彼のイメージ動物をアイスに見立てたり、イメージカラーの炭酸を作ったりと色々毎年工夫している。
今年は太陽をイメージしたくてバニラアイスはまん丸になるように練習した。もちろん練習したアイスは私がおいしくいただきました。
誕生日の当日、クリームソーダを飲む時は少しだけ温度を上げる。
飲んでいて寒くなるようなことにしたくない。
なによりこの季節を感じられる……とはいえ、暑すぎない程よい温度を探して準備オーケー!
今年は少し酸味のあるレモンの炭酸は黄色いソーダ。
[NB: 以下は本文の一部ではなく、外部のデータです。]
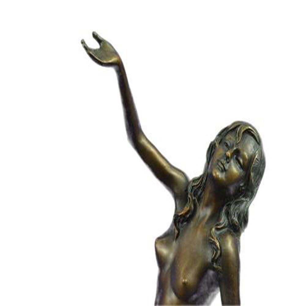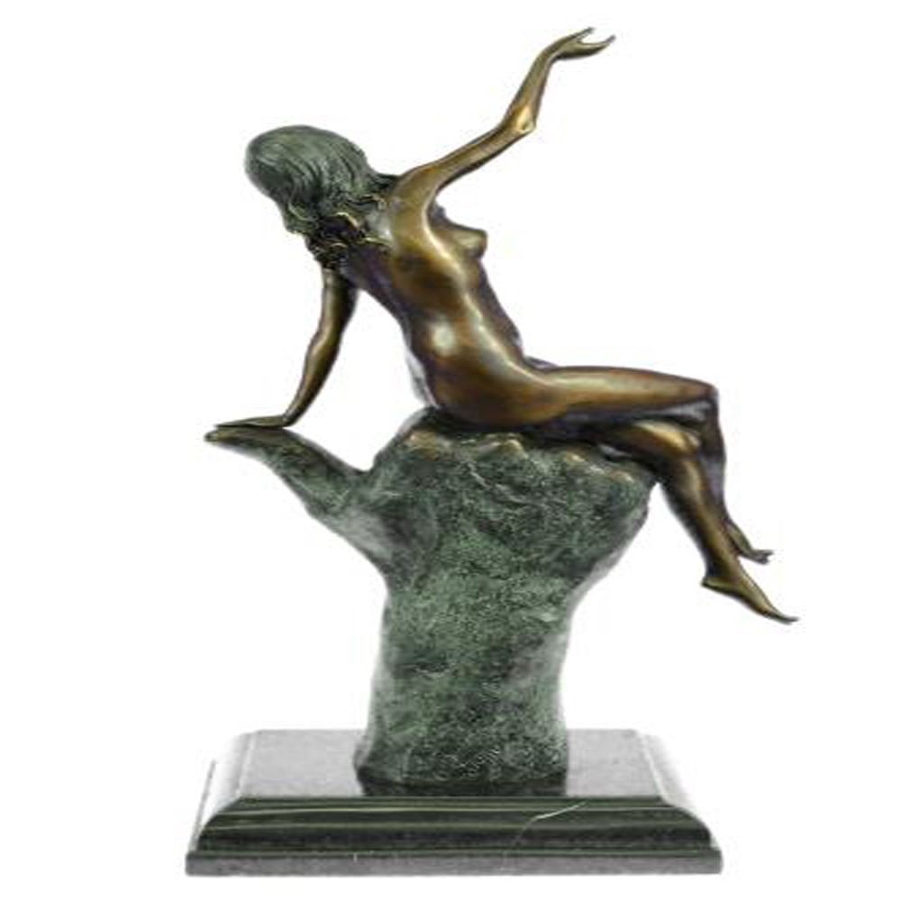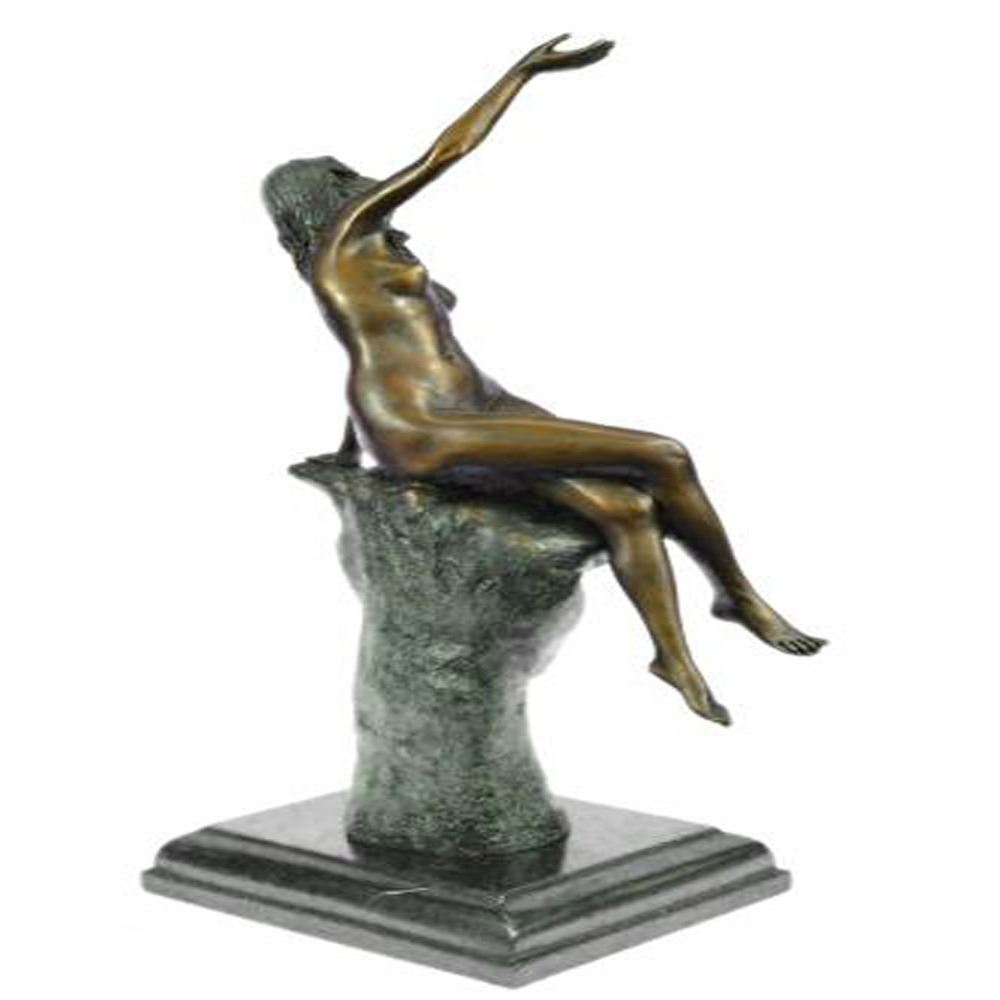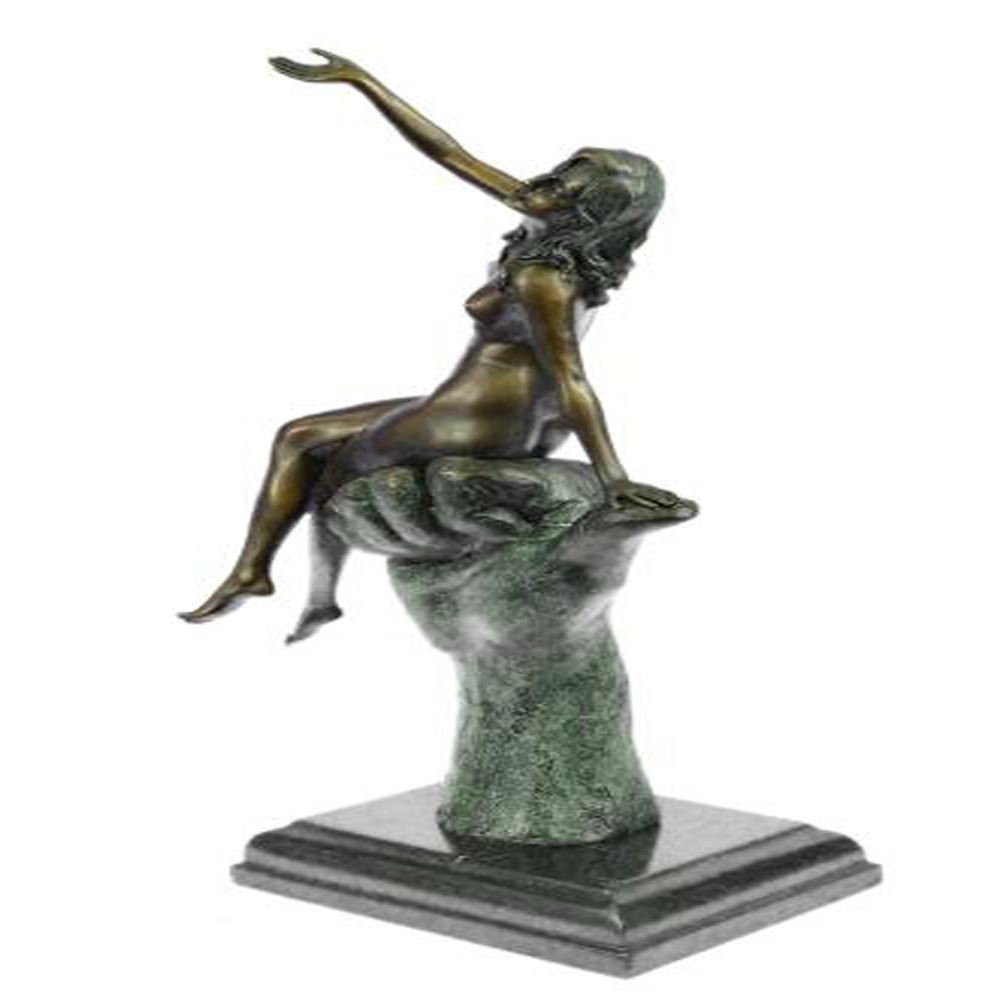 Stunning quality bronze sculpture depicting a naked lady in a seductive pose. The lady is sat on top of an oversized hand, this bronze has a mild erotic undertone. Lovely patination, a rich brown for the hand contrasting against a gilt effect for the lady. This is a genuine hot cast bronze finished on a marble base. Dimensions: Height 15 X Width 8 inches. Weight: 9 LBS.

その上にちょっと濃いめのバニラアイス。
今年は酸っぱさと甘さのマリアージュ? それをめざしてみた。
暑い夏でも心地よく過ごしてくれたら良いな。
昔はもう秋に向かっていたみたいだけど、天気予報を見れば猛暑日が続いていて、夏はまだ終わりそうもない。
その中で毎年彼が喜んでくれることに頭を悩ませている私がいる。
これがとても楽しくて、なによりも誰よりも幸せだ。
おわり
四五八、終わらない夏
部屋から見上げる空は青くて、私と恋人の好きな色が視界いっぱいに広がっていた。
「いい天気だなぁ」
私が小さくこぼすと、それを聞いていた彼が同じような角度に見えるように近くに来て空を見上げていた。
「本当だね。ドライブでも行く?」
「行きたい!」
ぽつりと呟いた彼の言葉にめちゃくちゃ反応して振り返ってしまった。
だってデートになるもん。
それに青空は私と彼を結びつけてくれたものの一つが〝好きな色〟だから、こんな空色を前より好きになったの。
私はもう一度空を見上げる。
遠くまで見える夏らしい爽やかな青空はとてもキレイで、思わず見惚れてしまった。